EXERCISE MATERIALS:

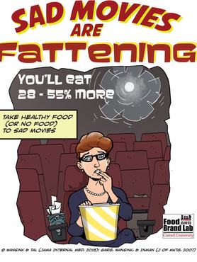 De ha dr. Brian Wansinkre hallgat, akkor marad a tényleg nagyon egészséges ételeknél, ugyanis egy szomorú film alatt bármiből több fogy, így szerinte ez tökéletes alkalom arra, hogy rákapjunk a kevésbé hizlaló, de esetleg eddig mellőzött ételek ízére. A Cornell Egyetem kutatói korábban azt is kiderítették, hogy az akció- és kalandfilmek is arra ösztönöznek, hogy többet együnk. Persze nem azért, hogy megnyugtassuk a lelkünket, egyszerűen csak tartani akarjuk az iramot.
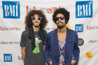 888 poses for a photo at the BMI Stage during Lollapalooza on August 6, 2017, in Chicago, IL. View Photo
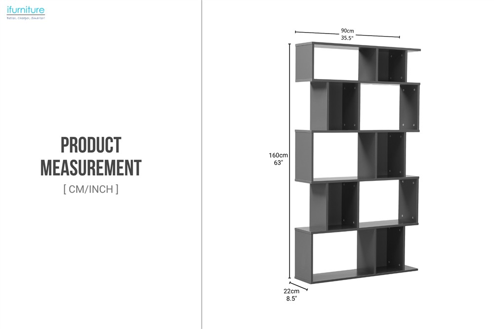 - 5-Tier Storage: Five open shelves provide ample space for books, decor, and other items, helping to keep your space organised and tidy.
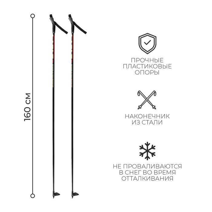 Палки лыжные стеклопластиковые, длина 160 см, цвета МИКС
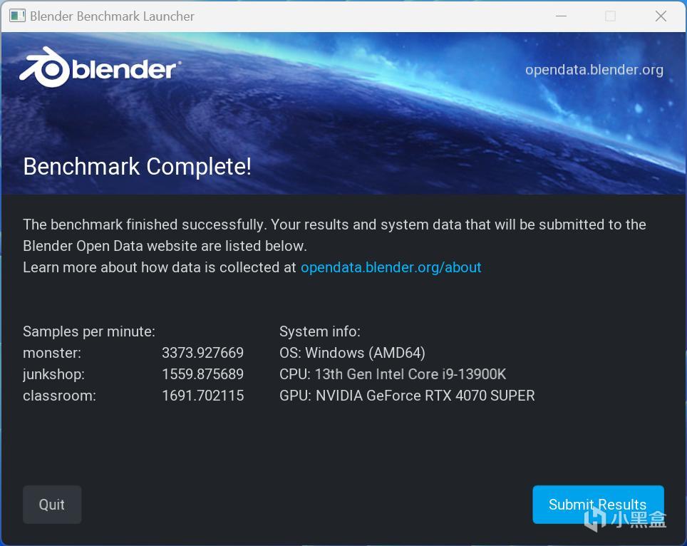 在Blender 4.0的三个基准测试场景里,我们的iGame GeForce RTX 4070 SUPER Vulcan OC 12GB都获得了非常好的分数,怪兽场景得到了3373分,旧货店得到了1559分,教室场景得到了1691分,总分已经极为接近RTX 4070 Ti了!
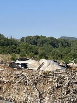 Mal sehen wie sich die zwei Weißstörche entwickeln und ob sie zukünftig in der Nähe heimisch werden. Dank der Unterstützung mit einer Hebebühne durch die in Kornhochheim ansässige Brauer Arbeitsbühnen GmbH, konnte die Beringung im Rahmen der ehrenamtlichen Arbeit des Weißstorchbeauftragten durchgeführt werden.
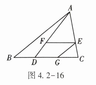 17. (★★)如图 4.2-16,在$\triangle ABC$中,点$D$在$BC$边上,连接$AD$,点$E$在$AC$边上,过点$E$作$EF// BC$,交$AD$于点$F$,过点$E$作$EG// AB$,交$BC$于点$G$,则下列式子一定正确的是【 】
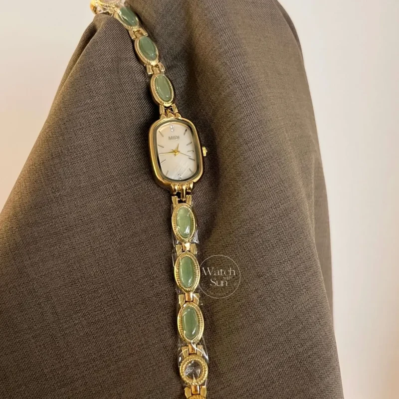 Vintage Style Green Jade Stone White Face Bracelet Watch for Women
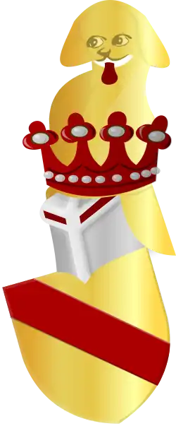 Coat of arms of Baer, as depicted in Gelre Armorial, with crest representing a puppy head.
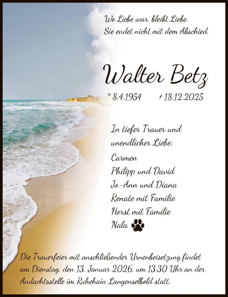 Hier finden Sie alle Traueranzeigen aus der Zeitung, die bisher für Walter Betz erschienen sind. Weitere Traueranzeigen, die in der Zeitung erscheinen, werden hier ebenfalls aufgelistet
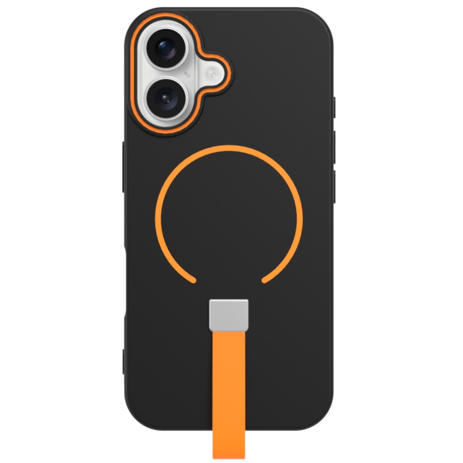 Cureaua din silicon portocalie de pe spate face mai ușor să ții telefonul și să-l folosești cu o singură mână.
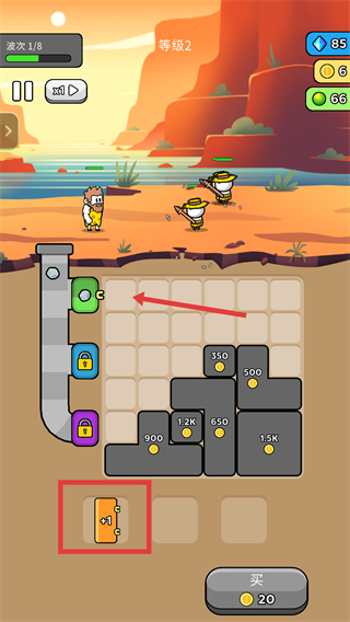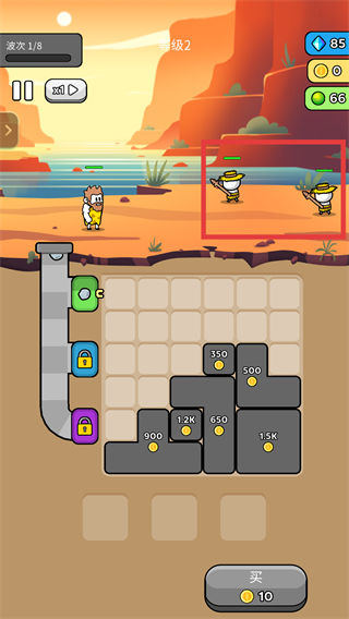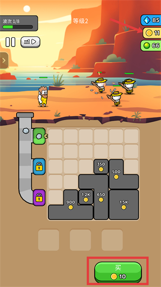 3、消灭敌人后,将会获得金币,点击红框标注的【买】按钮,消耗【10】金币进行购买道具。
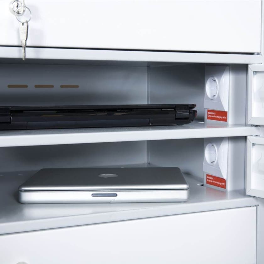 Laptop-vagn, 16 st låsbara fack med strömuttag, B1000xD510xH1200 mm
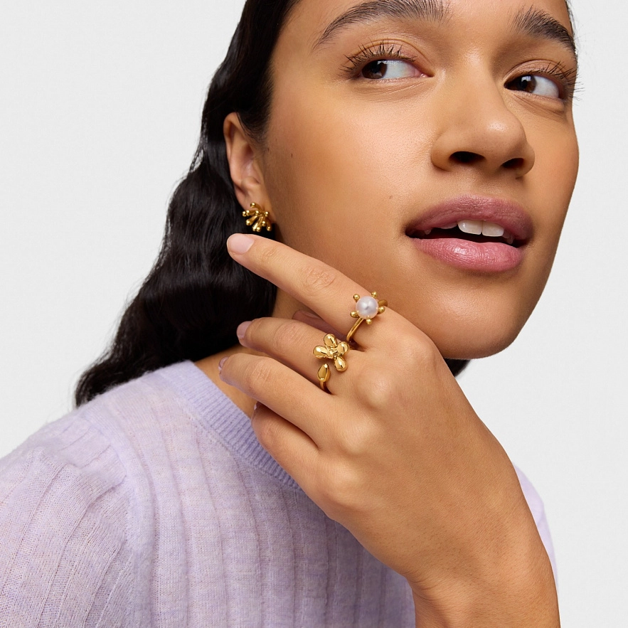 Кольцо TOUS Garden из серебра 925 пробы с покрытием Vermeil и цветочным мотивом и культивированной пресноводной жемчужиной. Размер шарма: 8 мм.
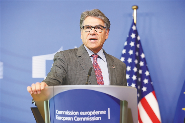 这是时任美国能源部长的里克·佩里在比利时布鲁塞尔出席记者会的资料照片(2019年5月2日摄)。 新华社记者 郑焕松 摄
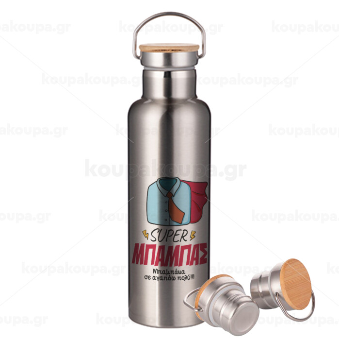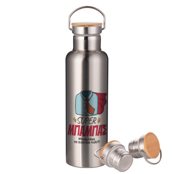 SUPER ΜΠΑΜΠΑΣ, Μεταλλικό παγούρι θερμός (Stainless steel) Ασημένιο με ξύλινο καπακι (bamboo), διπλού τοιχώματος, 750ml
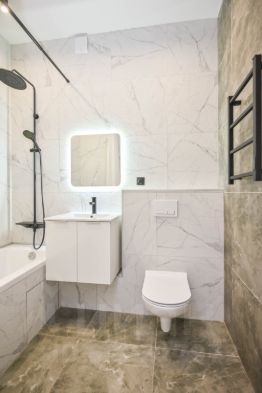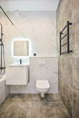 Детали: освещение по всей квартире, встроенные полки в гардеробной и тёплый пол в санузле
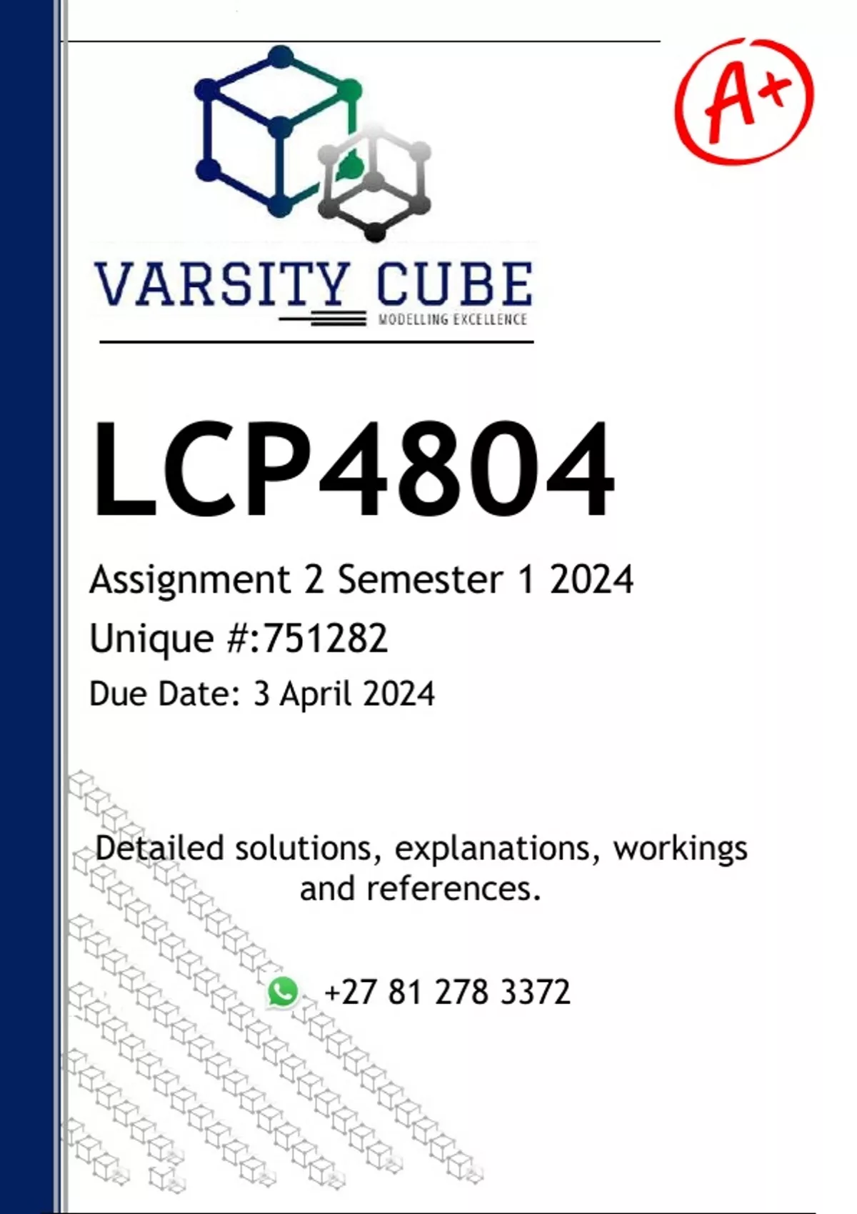 LCP4804 Assignment 2 (ANSWERS) Semester 1 2024 - DISTINCTION GUARANTEED. Answers, guidelines, workings and references...... Question 1 Tendai and Keneilwe were University sweethearts, and as soon as they graduated from university in 2015 decided to live together. In 2020, Tendai’s uncle intimated to the couple that he is prepared to assist them with initiating the talks between the families to start marriage negotiations for the couple. They both agreed and a meeting between the two families was arranged in May 2020 for the negotiations to begin. Although charging the R120,000 as the amount liable to be paid lobolo to Keneilwe’s family, an amount of R80,000 was agreed upon by the familied to at least be paid by Tendai’s family to be able to secure a marriage agreement with Keneilwe’s family. Tendai was only able to raise R50,000 and transferred this amount to Keneilwe’s family, regarding it as a deposit to the prescribed R80,000. The slaughtering of the cow ceremony to mark the conclusion of the marriage negotiations was postponed until the payment of the shortfall to R80,000 as the agreed amount by the families. Meanwhile, the couple had already bought and fully paid for the house they lived in at the time of their marriage negotiations which was registered under Tendai’s name. Soon after the R50,000 had been transferred to Keneilwe’s family, the couple also threw a lavish party in their house where they invited their friends and family members. At this party, Tendai had bought Keneilwe a special wedding ring and in his speech was referring to her as his wife as a video of the proceedings was also recorded. Moreover, in the following month, Tendai was able to add Keneilwe as his spouse in the medical insurance he was paying for. In August 2021, Tendai passed on due to the covid pandemic. When Keneilwe approached the Master’s office to claim from the estate as the surviving spouse, Tendai’s family appealed to the court to stop her, arguing that she is not recognised as their late son’s spouse due to the non-conclusion of the marriage negotiations which were to be marked by the slaughter of a cow. With the aid of decided cases including Motsoatsoa v Roro All SA 324 (GSJ); Maluleke v Minister of Home Affairs Case no 02/24921 [2008] ZAGPHC 129 (9 April 2008) (unreported); Mabuza v Mbatha 2003 (7) BCLR 43, Advise Keneilwe on the prospects of having her marriage to Tendai legally recognised as valid by the courts. Your discussion must reflect. - The legal question in each case (9) - The reasons for the decision for each case (9) - The decision arrived at by the courts in each case. (6) - A summary of the interpretation that can be ascribed to section 3(1)(b) for the requirements of a valid customary law marriage because of the above court decisions. (1) [25] Question 2 Provide a brief critical appraisal of the probative value of the contribution of the Reform of Customary law of Succession and Regulation of Related Matters Act 11 of 2009 in the development or otherwise of post-apartheid customary law. (5)
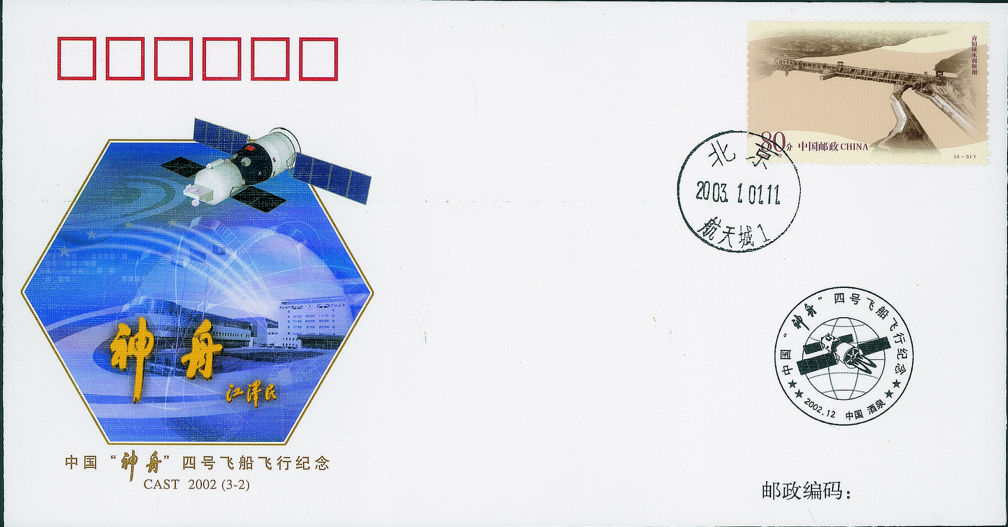 Quarta missione (30.12.2002 - 5.1.2003) di un veicolo spaziale di tipo Shenzhou del programma spaziale cinese, l'ultima senza equipaggio umano e che rappresentò il test finale prima del primo volo umano cinese - cosmogramma ufficiale n.0212378 di 400 buste volate (n.0212001-0212400), emesso dalla China Academy of Space Technology (CAST) con anullo del 29.11.2002, bollo a secco dell'ufficio notarile e dell'8.1.2003 al verso - la busta volata è accompagnata da 2 buste commemorative - rara e di ottima qualità - cert. notarile in cinese
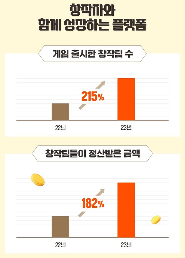 스토브인디의 입점을 희망하는 개발사도 늘어났다. 23년 스토브인디를 통해 게임을 출시한 창작팀은 22년 대비 215% 증가했다. 창작팀들이 받은 정산 금액 또한 두 배 가까이 늘어났다.

DESCRIPTION OF THE TASK: Leaving each picture behind, please give again exactly the lines above from the one with "Hier finden Sie" through the one with "SUPER ΜΠΑΜΠΑΣ, Μεταλλικό", both included, and no others.

ANSWER TO THIS TASK:
 Hier finden Sie alle Traueranzeigen aus der Zeitung, die bisher für Walter Betz erschienen sind. Weitere Traueranzeigen, die in der Zeitung erscheinen, werden hier ebenfalls aufgelistet
 Cureaua din silicon portocalie de pe spate face mai ușor să ții telefonul și să-l folosești cu o singură mână.
 3、消灭敌人后,将会获得金币,点击红框标注的【买】按钮,消耗【10】金币进行购买道具。
 Laptop-vagn, 16 st låsbara fack med strömuttag, B1000xD510xH1200 mm
 Кольцо TOUS Garden из серебра 925 пробы с покрытием Vermeil и цветочным мотивом и культивированной пресноводной жемчужиной. Размер шарма: 8 мм.
 这是时任美国能源部长的里克·佩里在比利时布鲁塞尔出席记者会的资料照片(2019年5月2日摄)。 新华社记者 郑焕松 摄
 SUPER ΜΠΑΜΠΑΣ, Μεταλλικό παγούρι θερμός (Stainless steel) Ασημένιο με ξύλινο καπακι (bamboo), διπλού τοιχώματος, 750ml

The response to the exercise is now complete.